#myfavoritepeople

I miss my friends. But when they’re all on Twitter, I feel like we’re all sitting on the couch on Moro Street in Manhattan, Kansas, watching bad soap operas and drinking wine coolers, instead of spread out across the country, leading completely separate lives.

For those of you who think Twitter is a social media platform that’s making people lose “real” relationships, I give you the following Twitter conversations between my best friends, the ladies I feared would drift away due to space and distance. Instead, they are just a tweet away.

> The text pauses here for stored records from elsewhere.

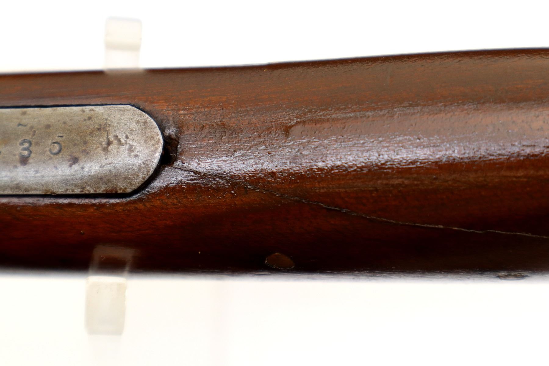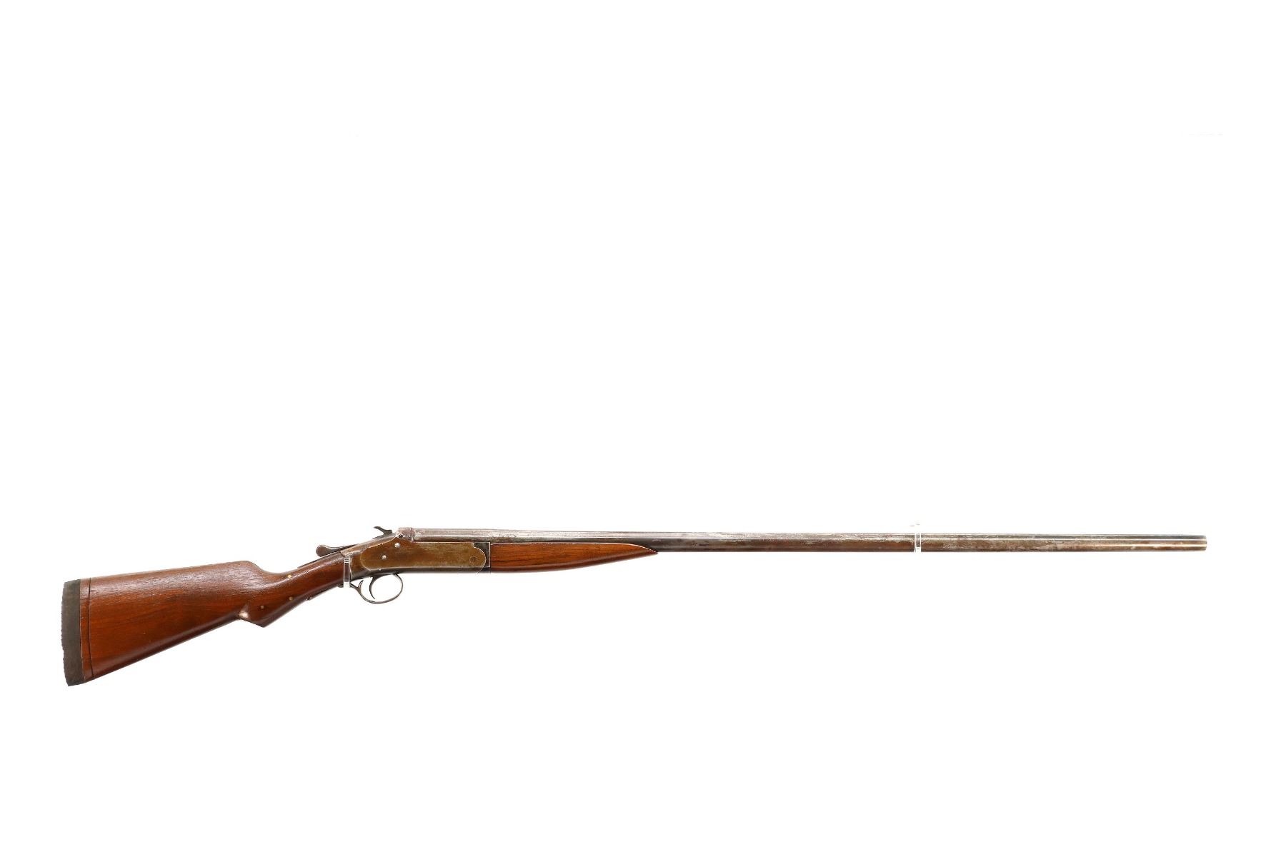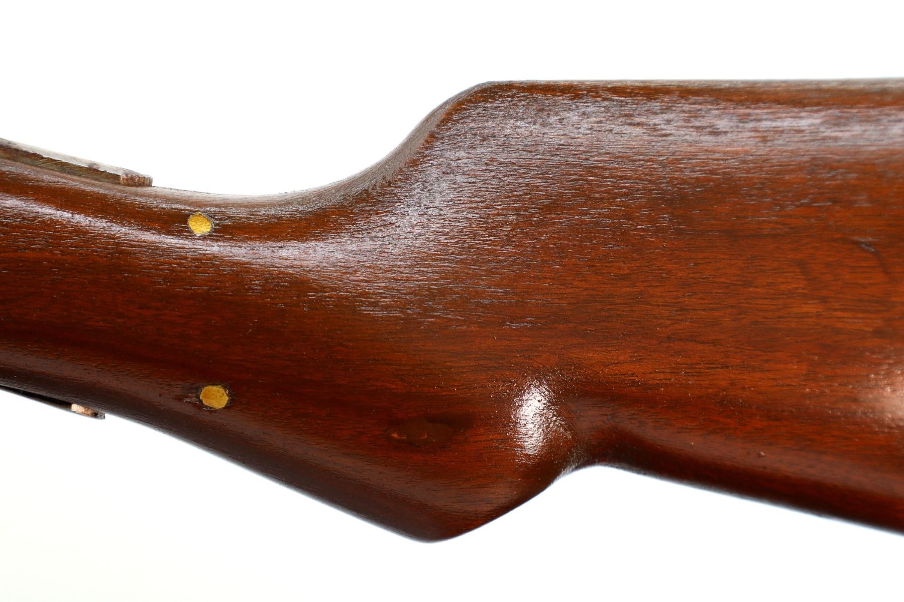 Main Description: Missing bead, threaded hole present, tapered round barrel, checkered spur hammer, extractor. Two piece wood stocks, forearm is cracked on both sides, pistol grip, chipped, cracked and repaired with brass pins, black rubber recoil pad with wood spacer, 13.75" LOP.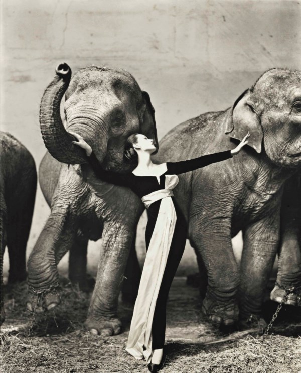 | Dovima with Elephants, Evening Dress by Dior, Cirque d'Hiver, Paris | |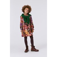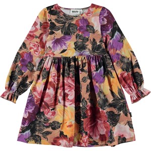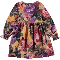 Rosa och lila knälång klänning med blommigt mönster. Mönstret är handmålade blommor och om du tittar efter riktigt noga kan du se penseldragen. Detta mönster r speciellt då det är Molo´s egen och nya version av ett mönster som skapades på en silkesmölla i Lyon i Frankrike. En plats som har jobbat med alla de stora namnen som t.ex. Givenchy, Balenciaga, Chanel, Dior och nu också, Molo kids. Denna klänning är tillverkad i 100% bomull, har rund hals, långa ärmar med volangdetalj, kjol med sving och en lös passform.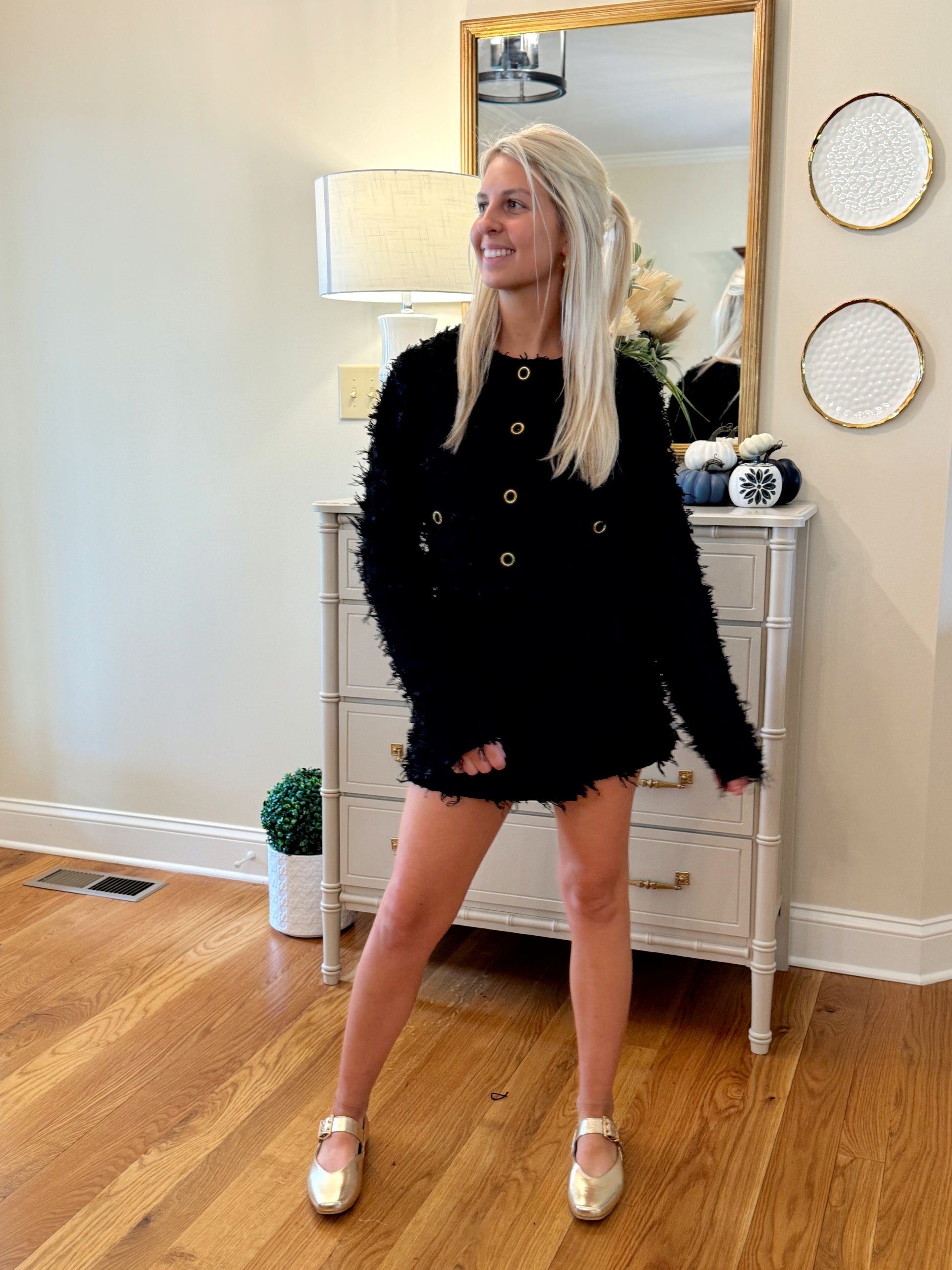 This tweed jacket and skirt set offers a classic and elegant look for any occasion. The long sleeve crop jacket adds texture and style, while the matching wrap style skort provides comfort and versatility. Perfect for a professional setting or a night out.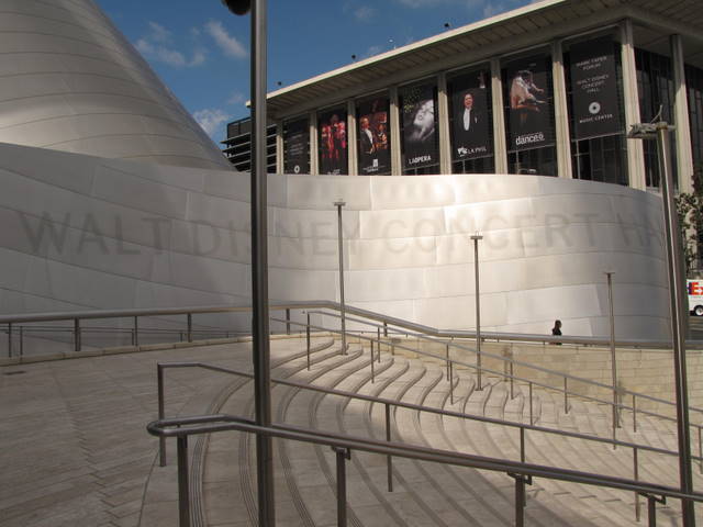 4 oktober. We worden deze ochtend eens wakker door iets anders dan een snurkend persoon. Een Aziaat is nogal verkouden en haalt elke minuut toch wel zijn neus op. Dat geluid zijn we snel zat en we ontvluchten onze kamer voor de keuken. Met heel wat moeite krijgen we ons nieuwe verslag eindelijk online. Genoeg leesvoer voor het thuisfront en wij kunnen een nieuwe starten. Nogal ongebruikelijk voor Los Angeles in deze tijd van het jaar is het bewolkt. Gelukkig is het buitje net gevallen voor wij de deur uit gaan. De rest van de dag willen we wat spullen kopen en downtown LA verkennen. Met wederom een omweg vinden we het toeristenbureau. Het leukste lijkt ons de Walt Disney Concert Hall met buitentuin en de oudste boerenmarkt van Californië. De wandeling naar het concertgebouw neemt wat langer in gebruik dan gehoopt en het is ook nog eens niet wat we verwachtten.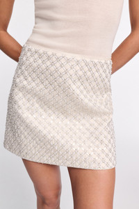 Dressed up in Duchesse: The mini-skirt is crafted in Duchesse and is embellished with floral sequin patterning. The skirt has an A-line silhouette and integrated shorts lining. The skirt can be worn as a set with the matching top. Material & Care - 87 % Polyester, 13 % Viscose - Sequin embellished A-line mini-skirt in Duchesse - Lining with integrated shorts - Dry clean only - No optical brighteners - Do not expose to extreme light - Shield from sharp items Size & Fit - Our Model is 176cm tall and wears a size 2. - Relaxed fit - Slight low waist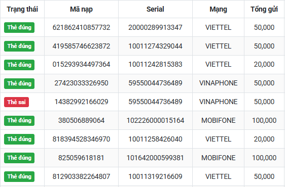 Giúp mình với,mình nạp lần đầu nó báo nỗi, lần thứ 2 nó báo the không có tiền, thẻ mobi 2000. Số seri:102197000009352. Mình cám ơn nhìu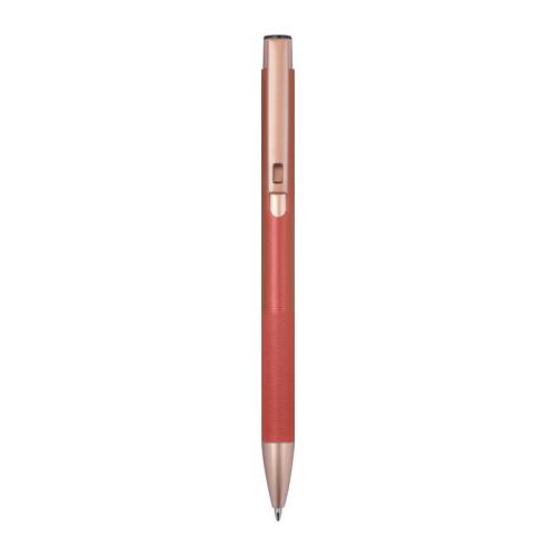 Ballpoint pen made of recycled aluminum with a matte finish and rose gold accents, equipped with a blue-writing large-capacity refill and a diamond-patterned grip zone.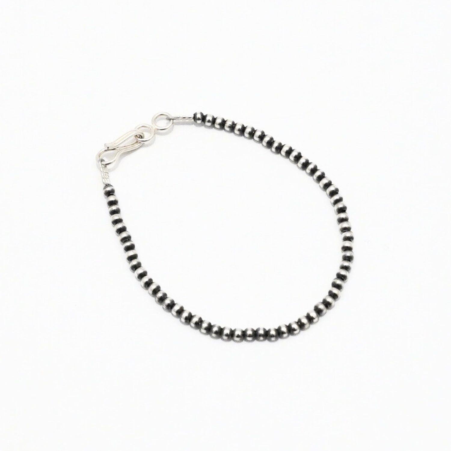 昔は「ホーガンビーズ」と呼ばれていたナバホ族の伝統的なシルバージュエリーは真珠のように美しい見た目から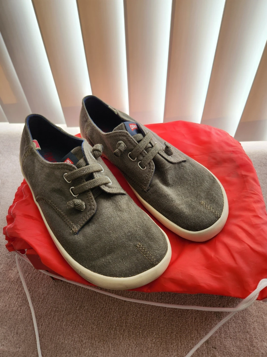 These Camper sneakers are made from a durable canvas material. They feature a lace-up closure and a comfortable rubber sole. These shoes are great for casual wear. Worn once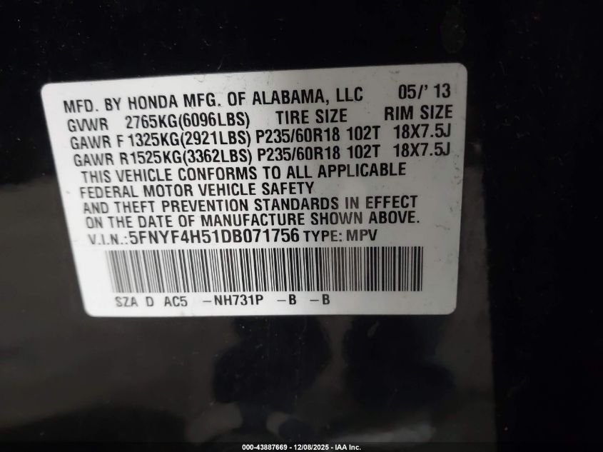 • 5FNYF4H51DB071756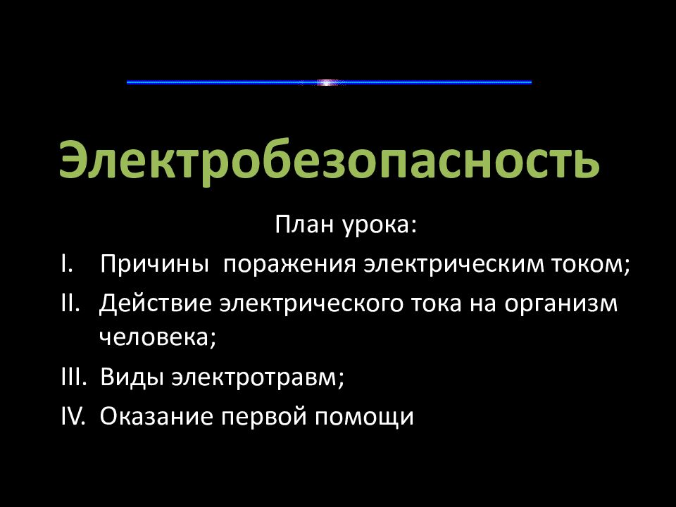 План урока: Причины поражения электрическим током; Действие электрического тока на организм человека; Виды электротравм ; Оказание первой помощи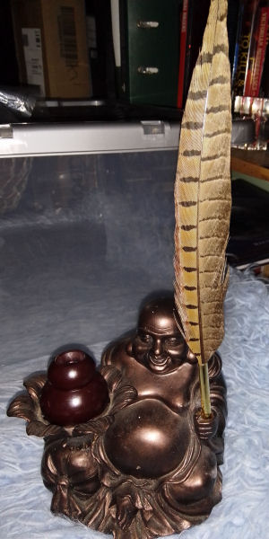 Revamped resin Buddha inkstand with pheasant quill pen. Rosewood inkwell £15.00 plus p&p. |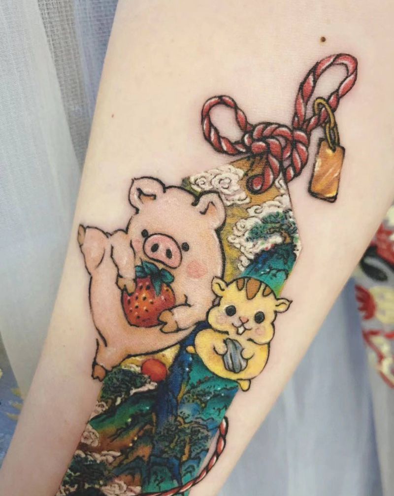 当前位置: 首页 >广东省汕尾市纹身店-丰翼轩刺青纹身图案>【安心猪与安弘鼠·小国画系列】纹身图片_手臂水墨水彩中国画卡通动画纹身图案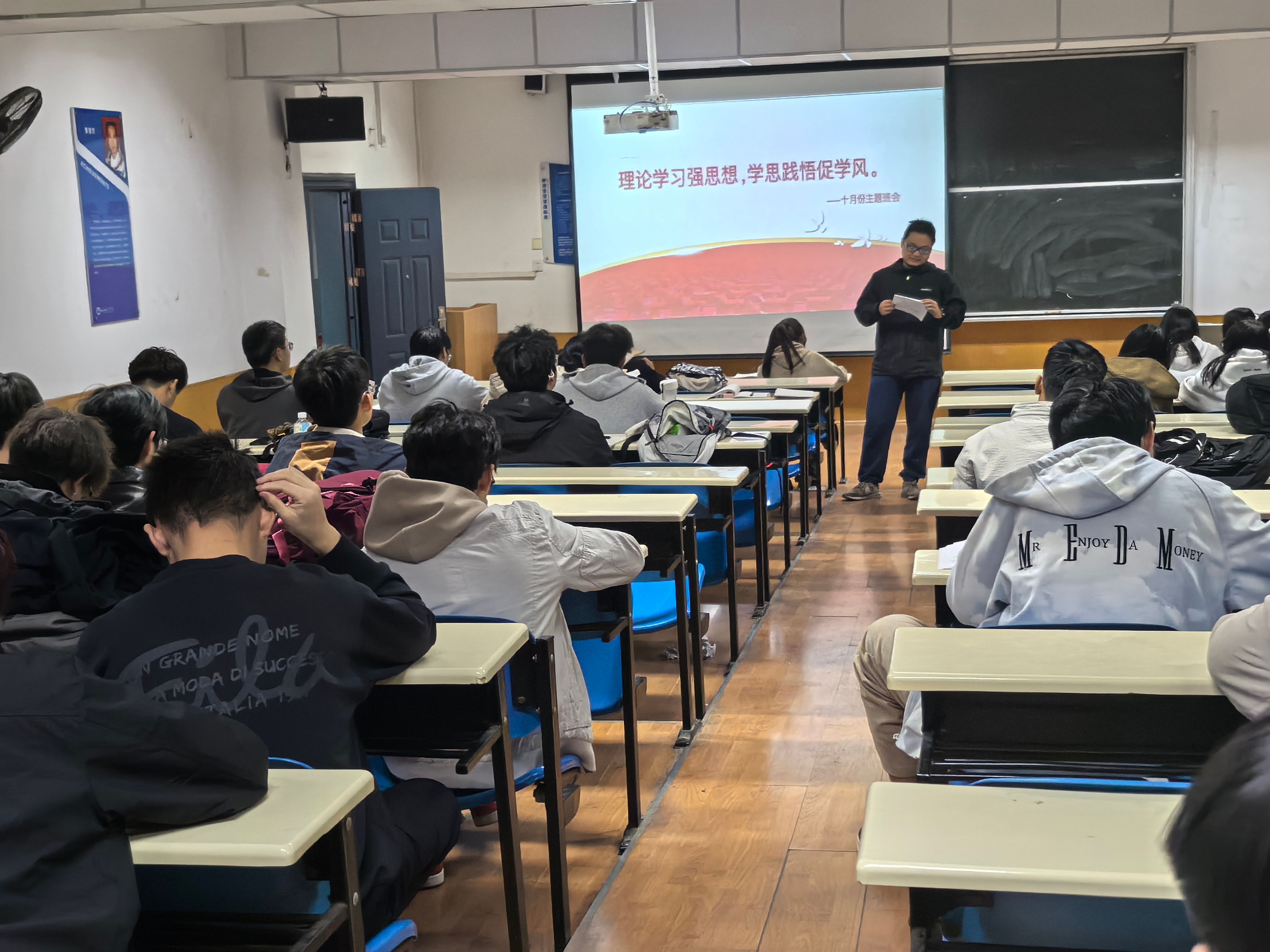 为了深入学习贯彻习近平新时代中国特色社会主义思想和党的二十届三中全会精神,强化学生理想信念教育,培育和践行社会主义核心价值观。按照学生工作部(处)《关于2024年10月主题班会要点》的相关要求,beat365英国官网网站各班级于10月份陆续开展了“理论学习强思想,学思践悟促学风”主题班会。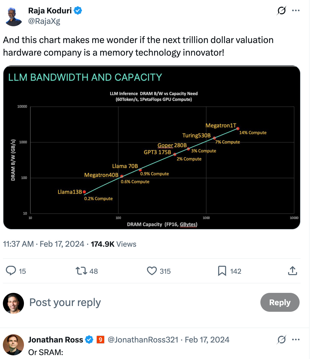 Jonathan Ross—Groq’s CEO—replied with a single word and a logo: “Or SRAM:” followed by the Groq emblem.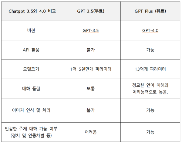 챗gpt 3.5(무료버전)과 챗gpt4.0(유료버전) 비교
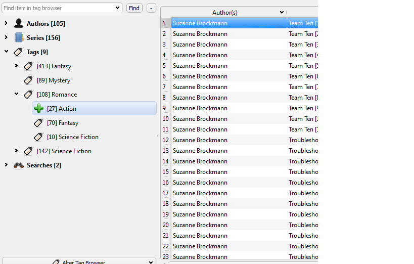 Have uploaded a clip of my tags column Just to confirm we are talking about the same thind Not another column you have added? All mine as you can see are left with the tage that came when I added the book As I seem to have 1710 books in Calibre now and maybe a similar amount to sort out and add later I really need to tag them better As I cant find anything.

Example #1 – Theresa never could spell. Still can’t. And Mara never has a clue what Theresa is talking about. I’ve known Theresa since I was 8-years-old, so I’m usually called upon to translate.

Theresa (@BrooklynTF): Oj box quote “amazing straight from the orange taste” um what isn’t that what ok is?
Mara (@maralynntho): I have no idea what your last tweet is saying…
Megan (@crazybananas): I think she meant OJ when she wrote ok….
Theresa: Mara, I think this funny, thxs, Meg
Mara: Meg, thank you for clarifying Theresa’s post
Theresa: I think Mara should know ‘Theresa’ the offical language of me

Example #2 – Mara has an unhealthy fascination with vampires. And Theresa’s weird.

Mara: Is going to satisfy my vampire addiction with some moonlight
Theresa: ‘vampire addiction’ should be the name of a delish cookie
Mara: A cookie named that sounds like it should have blood in it and that’s just gross!

Example #3 – Mara is Type A, and feels the need to spellcheck IM’s and other forms of messaging. It’s annoying.

Megan: Just started to feel a swollen through and stuffy sinuses. I knew Lu’s sickness was gonna get me. Damnit.
Mara: I assume through means throat?
Megan: Oh goody, I’m sick as a dog and Mara is playing Twitter spellcheck police again. Amusing, as always.
Mara: It’s only because I love you and thank you for making me love vampires like a 13 year old, sarcasm intended
Megan: Oh go eat your vampire cookies and leave me alone;P (Yes, that emoticon is winking AND spitting at you. So what?)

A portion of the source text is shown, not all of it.